**Dataset records**

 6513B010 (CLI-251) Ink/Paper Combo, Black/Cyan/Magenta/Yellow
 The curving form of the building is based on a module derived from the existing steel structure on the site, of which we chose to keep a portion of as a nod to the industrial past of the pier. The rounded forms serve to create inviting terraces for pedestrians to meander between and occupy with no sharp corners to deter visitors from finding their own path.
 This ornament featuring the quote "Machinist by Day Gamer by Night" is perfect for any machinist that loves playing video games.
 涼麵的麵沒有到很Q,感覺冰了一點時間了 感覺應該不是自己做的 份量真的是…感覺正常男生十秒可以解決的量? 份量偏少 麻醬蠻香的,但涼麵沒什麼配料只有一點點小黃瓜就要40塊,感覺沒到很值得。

--

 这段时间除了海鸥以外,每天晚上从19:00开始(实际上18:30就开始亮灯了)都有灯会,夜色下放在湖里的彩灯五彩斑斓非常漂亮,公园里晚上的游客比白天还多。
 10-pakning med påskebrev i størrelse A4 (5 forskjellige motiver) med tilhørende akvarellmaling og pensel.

**Problem requirements**
Everything from the line containing "The curving form" through the line containing "This ornament featuring" in the material above should be retyped exactly, both ends included, and nothing more.

**Problem solution**
 The curving form of the building is based on a module derived from the existing steel structure on the site, of which we chose to keep a portion of as a nod to the industrial past of the pier. The rounded forms serve to create inviting terraces for pedestrians to meander between and occupy with no sharp corners to deter visitors from finding their own path.
 This ornament featuring the quote "Machinist by Day Gamer by Night" is perfect for any machinist that loves playing video games.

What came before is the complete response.